Trends Affecting Our Business and Operations
Acquisitions have been financed with a combination of proceeds from bank borrowings, issuance of notes, issuances of units and cash flow from operations. Post-acquisition activities are focused on evaluating and exploiting the acquired properties and evaluating potential add-on acquisitions. Our revenues, cash flow from operations and future growth depend substantially on factors beyond our control, such as economic, political and regulatory developments and competition from other sources of energy. Oil and natural gas prices historically have been volatile and may fluctuate widely in the future.
Sustained periods of low prices for oil or natural gas could materially and adversely affect our financial position, our results of operations, the quantities of oil and natural gas reserves that we can economically produce and our access to capital.

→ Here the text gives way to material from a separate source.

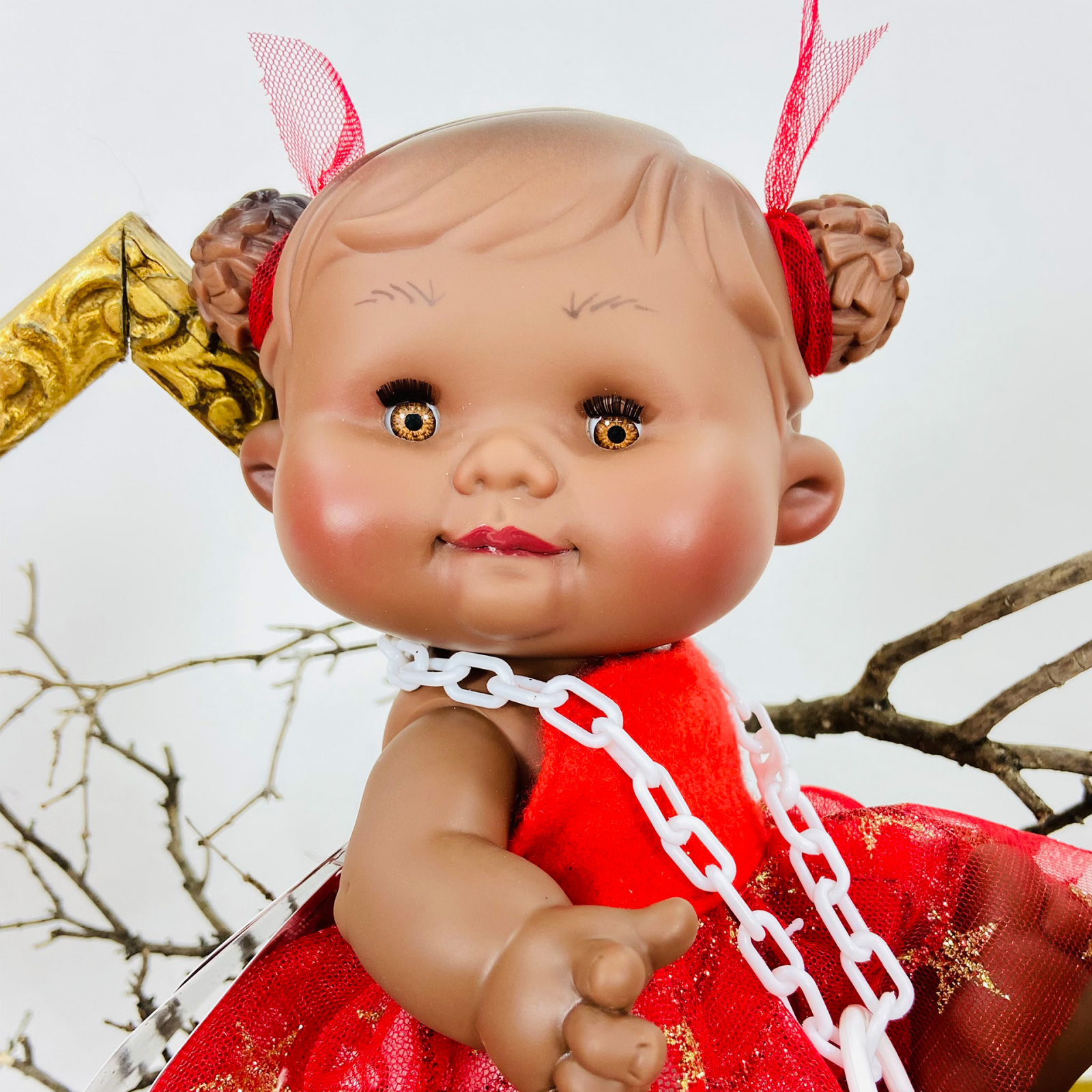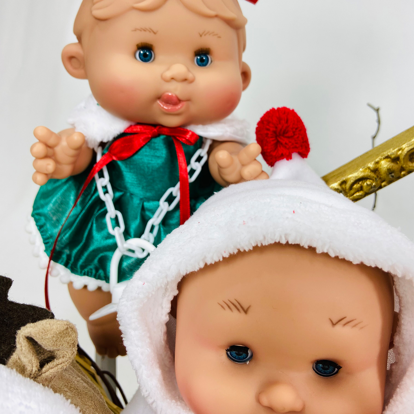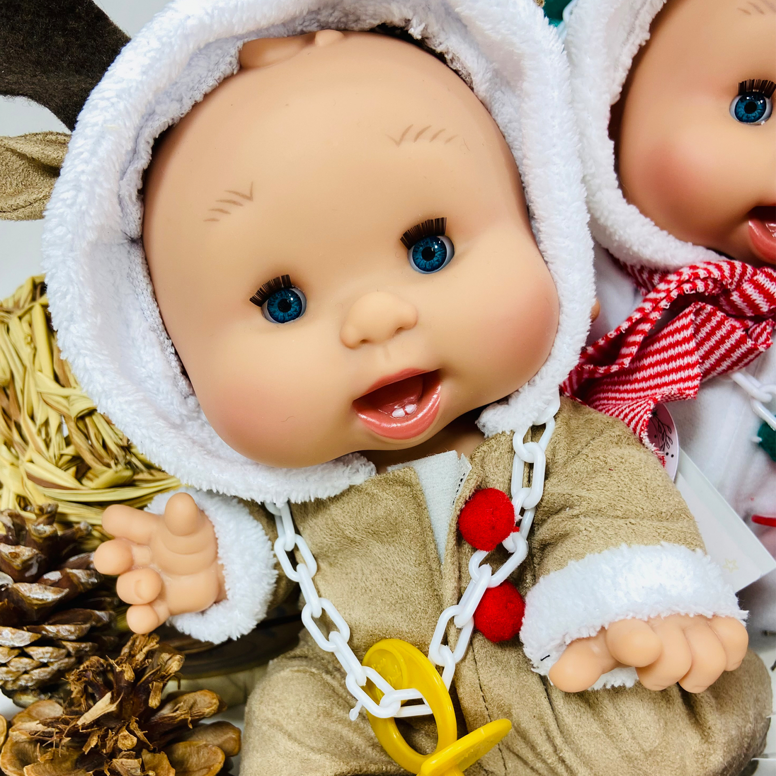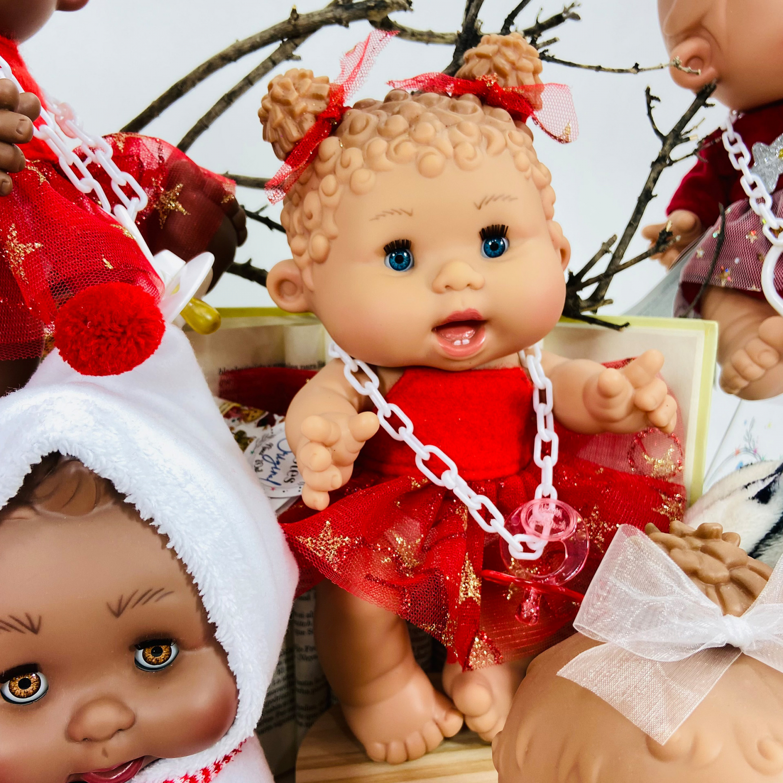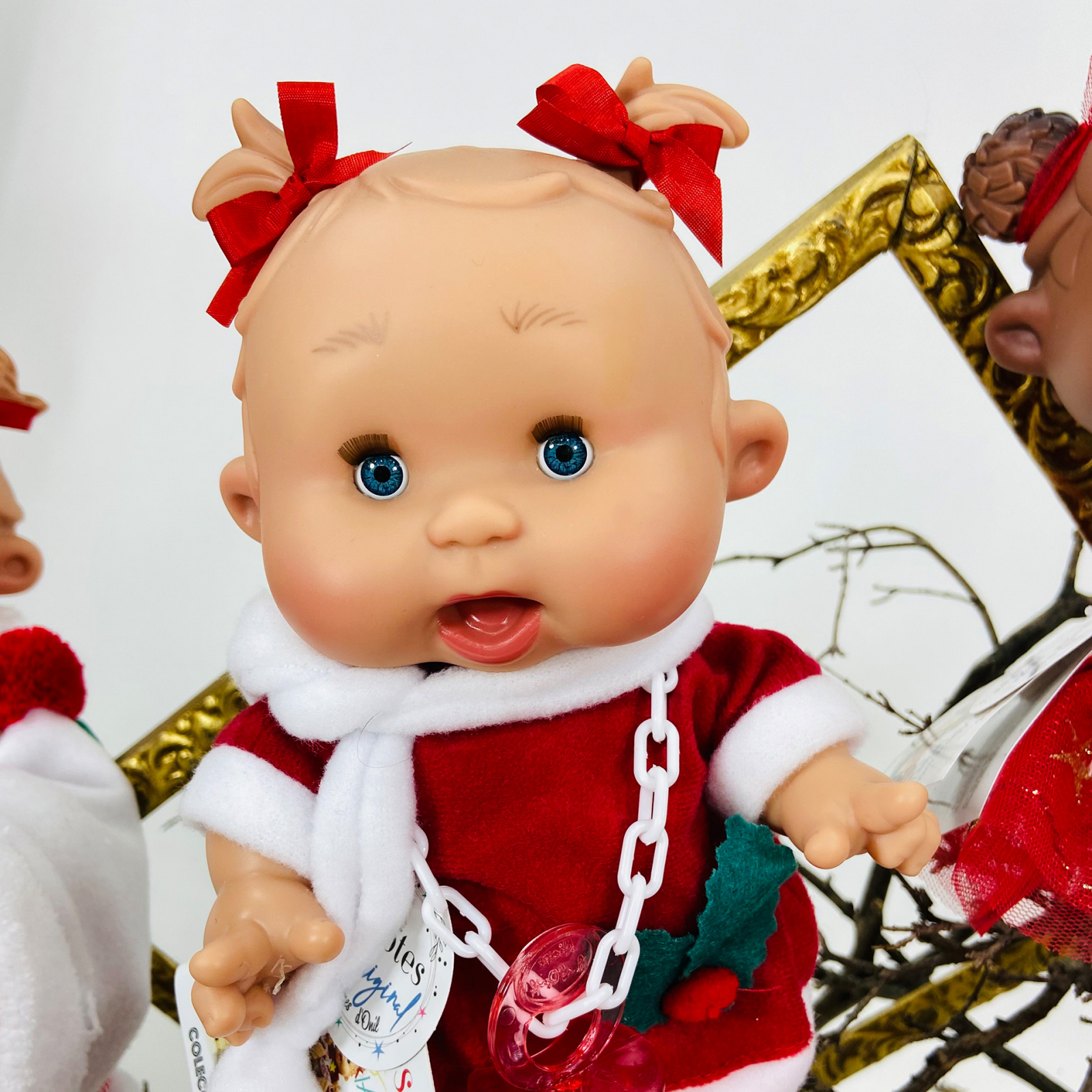 Papusa Nines D'Onil, Colectia Pepote Craciun, cu miros de vanilie, 26 cm Papusile din colectia Pepote Craciun sunt papusile pe care le vei iubi pentru fetele lor amuzante. Ca si caracteristici ale acestor papusi dragute sunt rochiile haioase, sunt de gen (baiat/fata) si se pot spala. Au un miros usor de vanilie. Ca valoare educativa, acest tip de papusi favorizeaza jocul simbolic: valoarea afectiva si exprimarea sentimentului, stimuland in acelasi timp limbajul, imaginatia si autosuficienta. Jocul cu aceasta jucarie le permite fetelor si baietilor sa aiba grija de micutul lor la fel ca si parintii lor. Dimensiune: 26 cm. Papusile Nines D'Onil au sigiliul de artizanat, Craftsmanship Seal, al Comunitatii Valenciane si sigiliul de origine, Origin Seal, care acrediteaza traditia, autenticitatea, calitatea si exclusivitatea papusilor. Din 2020, Nines D'Onil, face parte din Spanish Association of Early Childhood Products – ASEPRI, care recunoaste brandul ca fiind 100% spaniol. Va rugam sa alegeti modelul dorit.
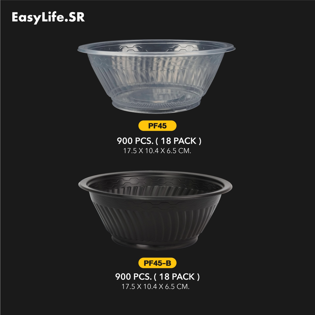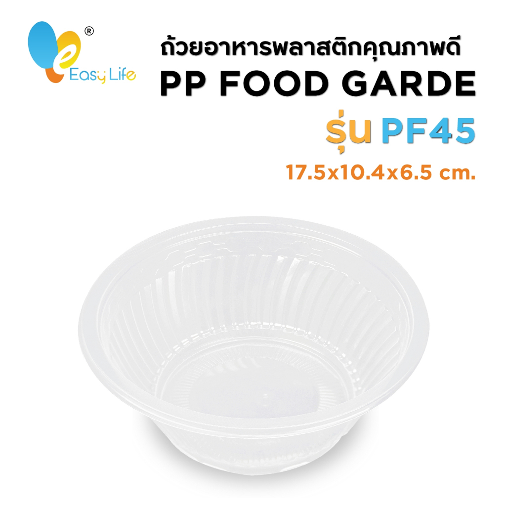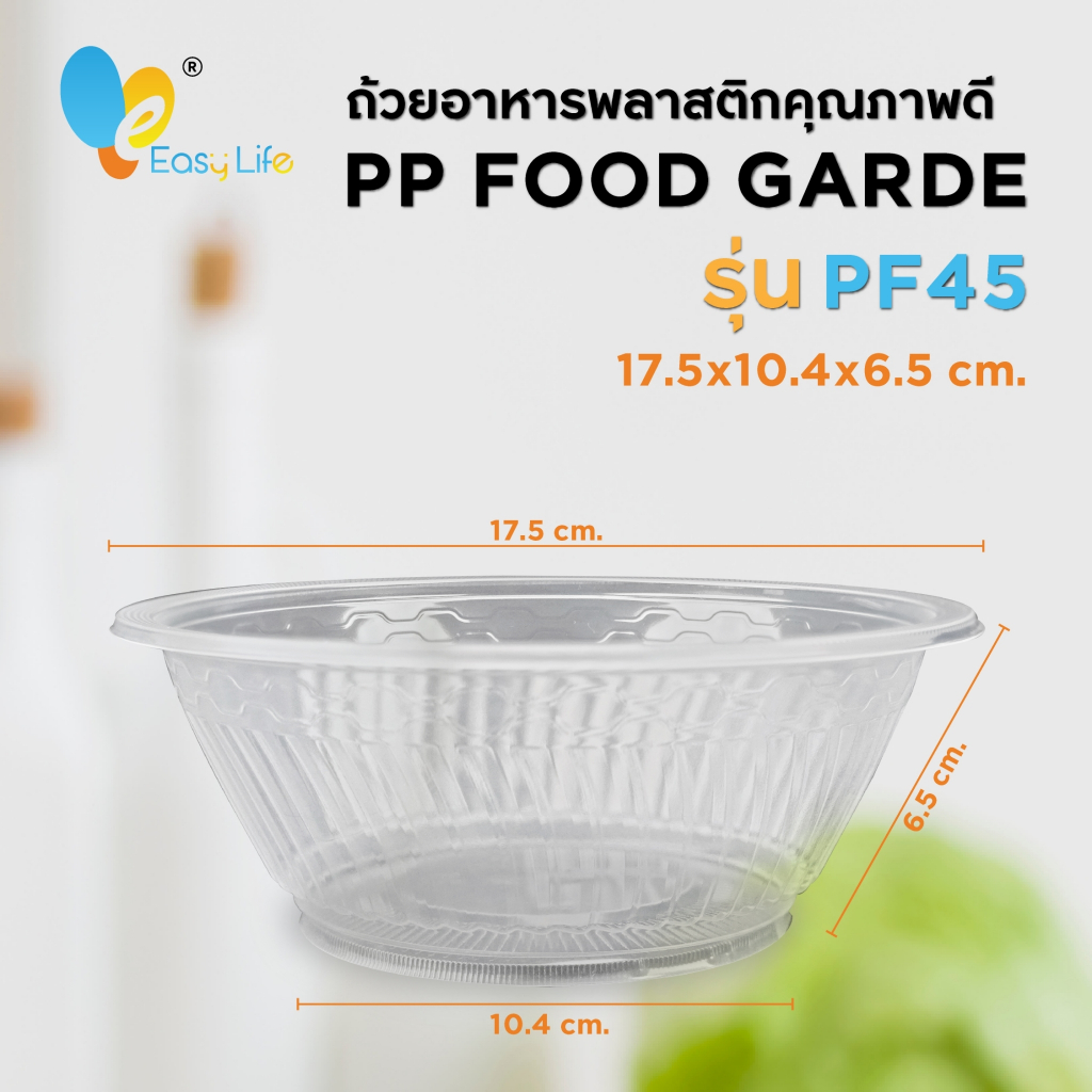 ถ้วยพลาสติกรุ่น PF45 (ไม่มีฝาปิด)ขนาด : ก้นถ้วยกว้าง 10.4cm./ ปากถ้วยกว้าง 17.5cm. /ความสูง 6.5cm.บรรจุ : 50ชิ้น/แพ็ค- สามารถทนความร้อนได้ เข้าไมโครเวฟได้ไม่เกิน 110 องศา- โดนความร้อนถ้วยไม่หดไม่ขยาย- สะอาด ปลอดภัย ได้มาตรฐาน- ใช้ใส่ได้ทั้งร้อนและเย็น - ใส่อาหารได้หลากหลาย แกงต่างๆ อาหารตามสั่ง ยำ ข

We face the challenge of natural production declines. As initial reservoir pressures are depleted, oil and natural gas production from a given well or formation decreases. We attempt to overcome this natural decline by acquiring more reserves than we produce, drilling to find additional reserves, utilizing multiple types of recovery techniques such as secondary (waterflood) and tertiary (CO2 and nitrogen) recovery methods to re-pressure the reservoir and recover additional oil, recompleting or adding pay in existing wellbores and improving artificial lift. Our future growth will depend on our ability to continue to add reserves in excess of production. We will maintain our focus on adding reserves through acquisitions and development projects. Our ability to add reserves through acquisitions and development projects is dependent upon many factors including our ability to raise capital, obtain regulatory approvals and contract drilling rigs and personnel.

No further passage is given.